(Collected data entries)

────────────────

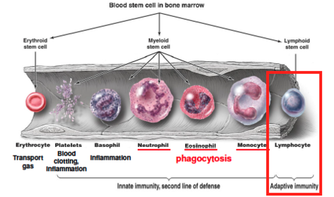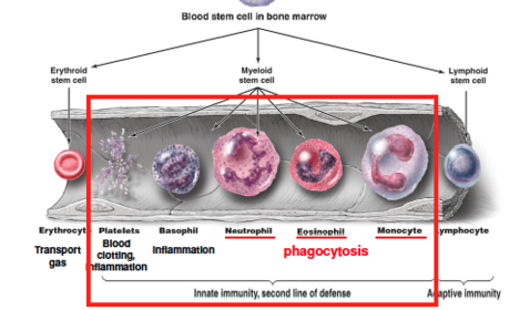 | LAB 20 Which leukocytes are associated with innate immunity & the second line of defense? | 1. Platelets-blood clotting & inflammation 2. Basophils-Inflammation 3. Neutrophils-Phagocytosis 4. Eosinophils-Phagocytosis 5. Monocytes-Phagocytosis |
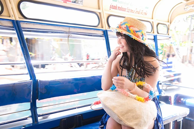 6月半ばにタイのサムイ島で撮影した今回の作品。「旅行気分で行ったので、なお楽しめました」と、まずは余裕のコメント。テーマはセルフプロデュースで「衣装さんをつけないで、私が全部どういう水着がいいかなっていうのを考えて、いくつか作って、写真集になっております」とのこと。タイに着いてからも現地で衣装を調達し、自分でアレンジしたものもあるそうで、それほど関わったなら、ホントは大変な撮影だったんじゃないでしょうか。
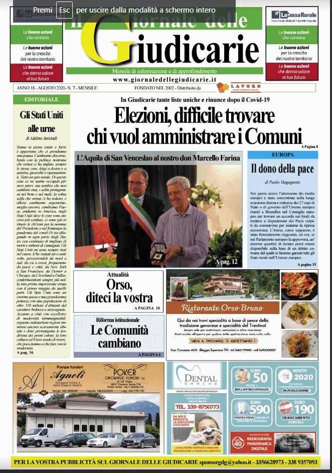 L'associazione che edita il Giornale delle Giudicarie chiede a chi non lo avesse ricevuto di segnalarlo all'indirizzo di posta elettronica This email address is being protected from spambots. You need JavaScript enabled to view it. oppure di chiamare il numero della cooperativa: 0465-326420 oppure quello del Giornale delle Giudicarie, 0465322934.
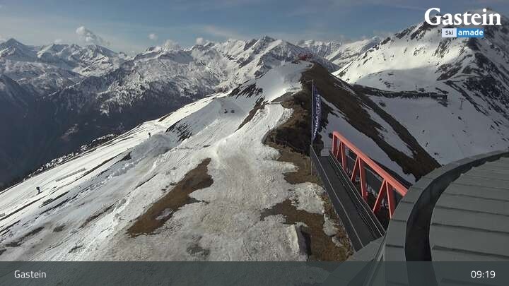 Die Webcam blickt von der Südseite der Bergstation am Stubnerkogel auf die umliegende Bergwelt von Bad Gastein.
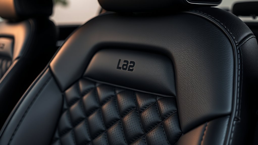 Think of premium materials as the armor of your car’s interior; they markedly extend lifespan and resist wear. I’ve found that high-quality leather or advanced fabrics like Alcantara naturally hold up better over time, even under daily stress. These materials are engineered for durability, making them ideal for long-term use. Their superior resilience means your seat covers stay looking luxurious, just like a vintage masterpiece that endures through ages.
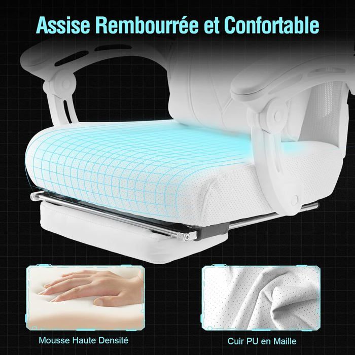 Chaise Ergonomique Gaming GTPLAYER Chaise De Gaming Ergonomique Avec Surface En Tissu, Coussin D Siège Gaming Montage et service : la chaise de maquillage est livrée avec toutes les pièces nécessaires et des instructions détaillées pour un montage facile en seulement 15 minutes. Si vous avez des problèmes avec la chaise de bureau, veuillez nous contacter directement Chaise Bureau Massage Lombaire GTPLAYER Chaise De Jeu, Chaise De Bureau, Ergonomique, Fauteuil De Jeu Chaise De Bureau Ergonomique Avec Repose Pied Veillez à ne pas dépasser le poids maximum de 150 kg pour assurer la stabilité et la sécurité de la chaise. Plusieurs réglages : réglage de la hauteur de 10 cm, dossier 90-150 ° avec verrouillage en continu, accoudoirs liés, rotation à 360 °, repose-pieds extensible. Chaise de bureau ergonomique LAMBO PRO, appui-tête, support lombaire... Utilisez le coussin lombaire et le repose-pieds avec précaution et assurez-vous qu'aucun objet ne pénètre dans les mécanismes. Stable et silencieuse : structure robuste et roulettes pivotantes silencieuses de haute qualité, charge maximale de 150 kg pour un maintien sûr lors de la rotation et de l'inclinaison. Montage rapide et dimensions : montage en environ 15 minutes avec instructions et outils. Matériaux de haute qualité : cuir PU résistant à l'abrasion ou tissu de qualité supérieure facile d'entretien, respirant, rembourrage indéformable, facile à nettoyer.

────────────────

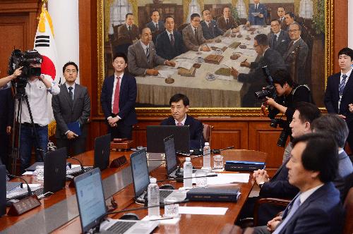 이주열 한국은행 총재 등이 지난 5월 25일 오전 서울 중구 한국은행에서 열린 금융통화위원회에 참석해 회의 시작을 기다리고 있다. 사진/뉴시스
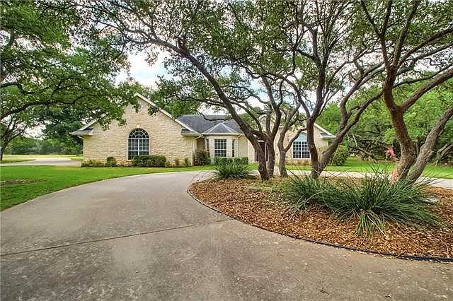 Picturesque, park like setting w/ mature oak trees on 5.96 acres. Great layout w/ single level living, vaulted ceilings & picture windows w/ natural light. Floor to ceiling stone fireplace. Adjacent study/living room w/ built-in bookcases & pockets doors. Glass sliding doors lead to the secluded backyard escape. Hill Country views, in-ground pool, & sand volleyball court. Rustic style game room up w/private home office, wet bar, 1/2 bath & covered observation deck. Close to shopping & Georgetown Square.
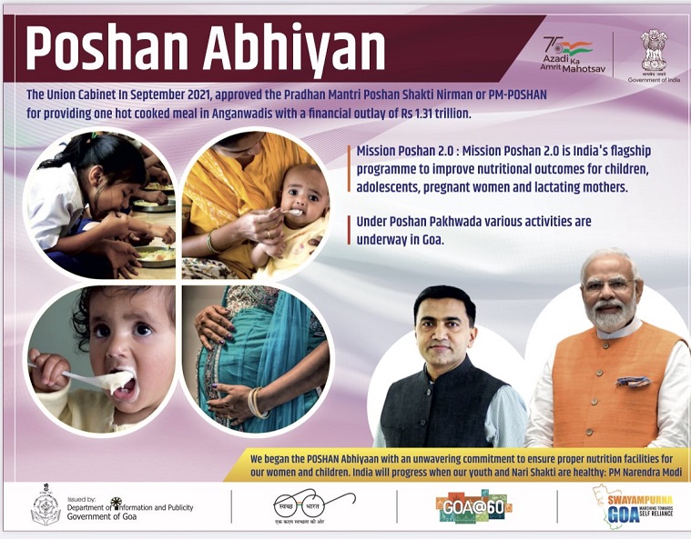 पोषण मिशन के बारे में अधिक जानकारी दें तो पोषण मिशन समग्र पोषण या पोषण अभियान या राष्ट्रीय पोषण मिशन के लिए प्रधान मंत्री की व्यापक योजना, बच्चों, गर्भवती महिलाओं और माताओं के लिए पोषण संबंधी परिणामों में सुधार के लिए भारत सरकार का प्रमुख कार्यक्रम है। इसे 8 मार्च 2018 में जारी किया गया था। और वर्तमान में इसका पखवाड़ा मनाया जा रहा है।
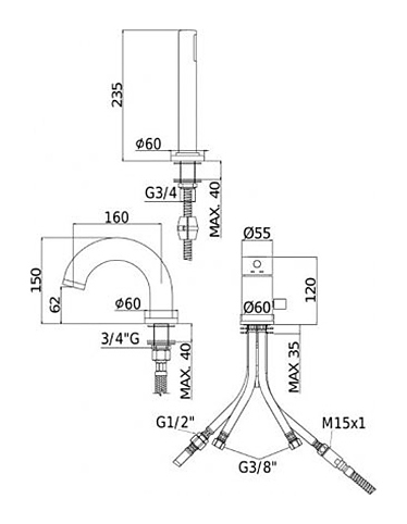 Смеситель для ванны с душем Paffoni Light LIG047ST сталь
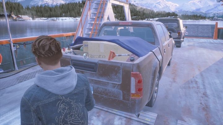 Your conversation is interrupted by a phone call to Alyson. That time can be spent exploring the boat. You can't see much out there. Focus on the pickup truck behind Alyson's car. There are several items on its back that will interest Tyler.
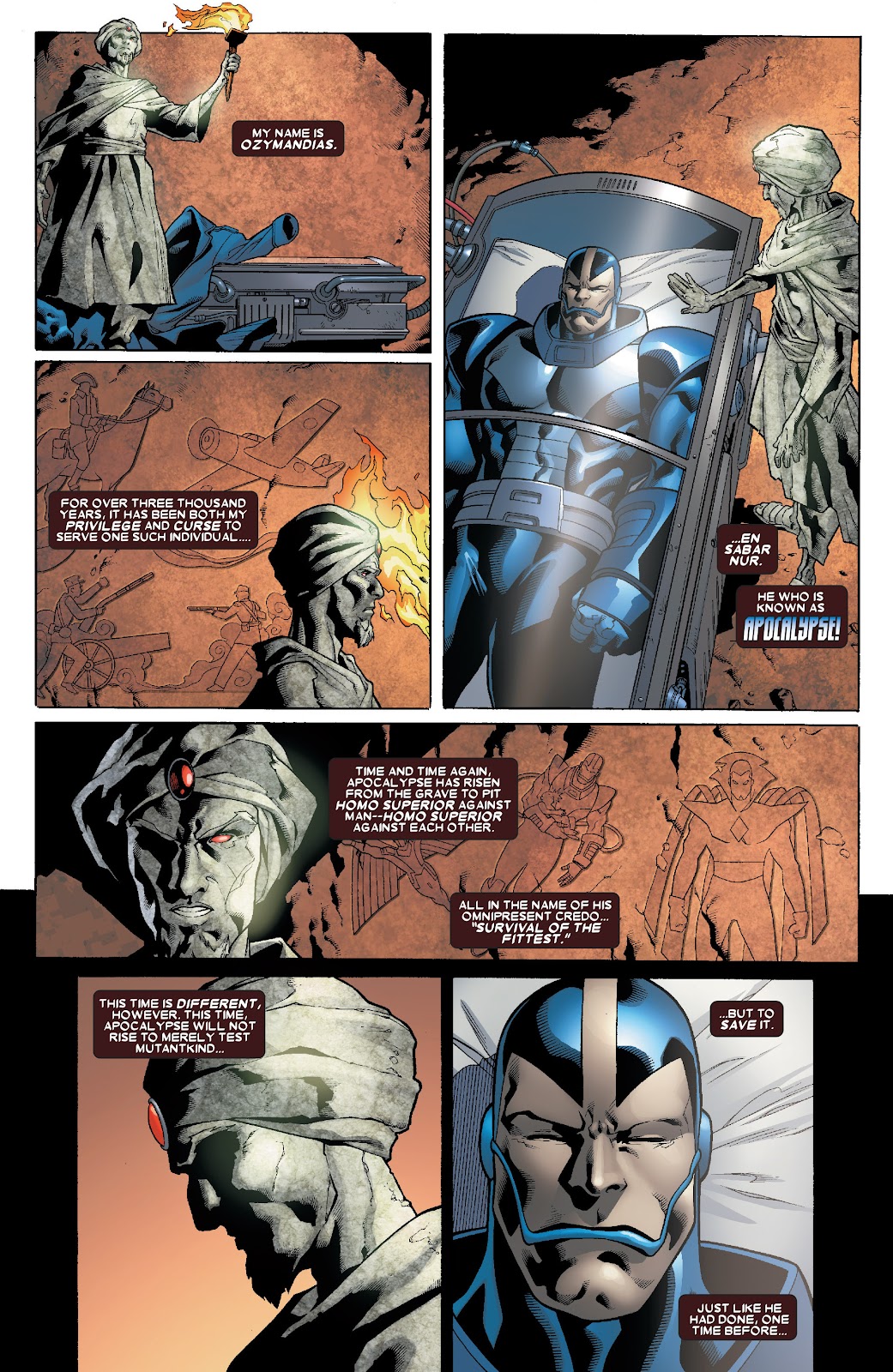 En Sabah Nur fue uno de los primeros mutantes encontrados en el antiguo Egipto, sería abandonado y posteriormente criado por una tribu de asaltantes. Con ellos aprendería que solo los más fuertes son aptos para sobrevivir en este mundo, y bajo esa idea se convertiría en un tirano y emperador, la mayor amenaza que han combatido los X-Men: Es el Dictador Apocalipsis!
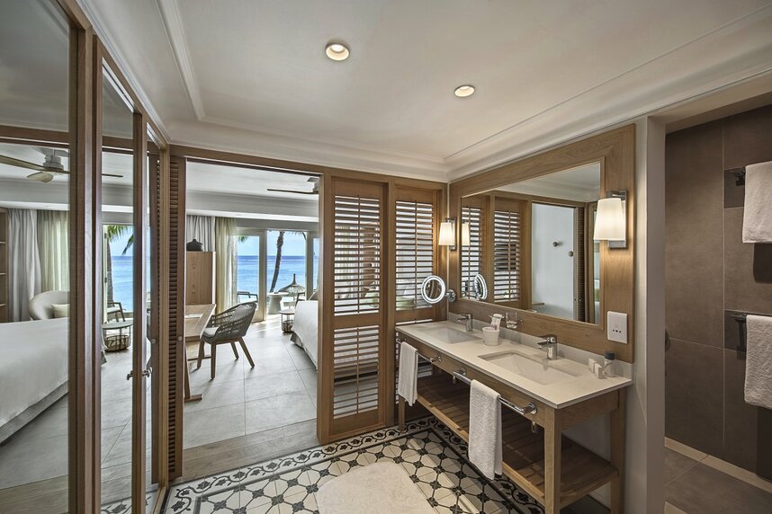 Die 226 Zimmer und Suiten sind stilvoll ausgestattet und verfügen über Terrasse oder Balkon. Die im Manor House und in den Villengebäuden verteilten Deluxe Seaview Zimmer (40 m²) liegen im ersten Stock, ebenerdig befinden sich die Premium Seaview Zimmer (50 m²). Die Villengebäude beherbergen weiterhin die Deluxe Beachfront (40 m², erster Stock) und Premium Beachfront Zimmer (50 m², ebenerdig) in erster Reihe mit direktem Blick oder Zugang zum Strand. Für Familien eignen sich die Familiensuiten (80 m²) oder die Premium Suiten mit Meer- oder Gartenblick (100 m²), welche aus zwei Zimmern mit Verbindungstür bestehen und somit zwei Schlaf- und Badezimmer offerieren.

────────────────

*What needs to be done*: I would like the exact lines from the data above, starting with the one that holds "En Sabah Nur" and going on through the one that holds "Die 226 Zimmer", without the pictures.

*Answer to the exercise*:
 En Sabah Nur fue uno de los primeros mutantes encontrados en el antiguo Egipto, sería abandonado y posteriormente criado por una tribu de asaltantes. Con ellos aprendería que solo los más fuertes son aptos para sobrevivir en este mundo, y bajo esa idea se convertiría en un tirano y emperador, la mayor amenaza que han combatido los X-Men: Es el Dictador Apocalipsis!
 Die 226 Zimmer und Suiten sind stilvoll ausgestattet und verfügen über Terrasse oder Balkon. Die im Manor House und in den Villengebäuden verteilten Deluxe Seaview Zimmer (40 m²) liegen im ersten Stock, ebenerdig befinden sich die Premium Seaview Zimmer (50 m²). Die Villengebäude beherbergen weiterhin die Deluxe Beachfront (40 m², erster Stock) und Premium Beachfront Zimmer (50 m², ebenerdig) in erster Reihe mit direktem Blick oder Zugang zum Strand. Für Familien eignen sich die Familiensuiten (80 m²) oder die Premium Suiten mit Meer- oder Gartenblick (100 m²), welche aus zwei Zimmern mit Verbindungstür bestehen und somit zwei Schlaf- und Badezimmer offerieren.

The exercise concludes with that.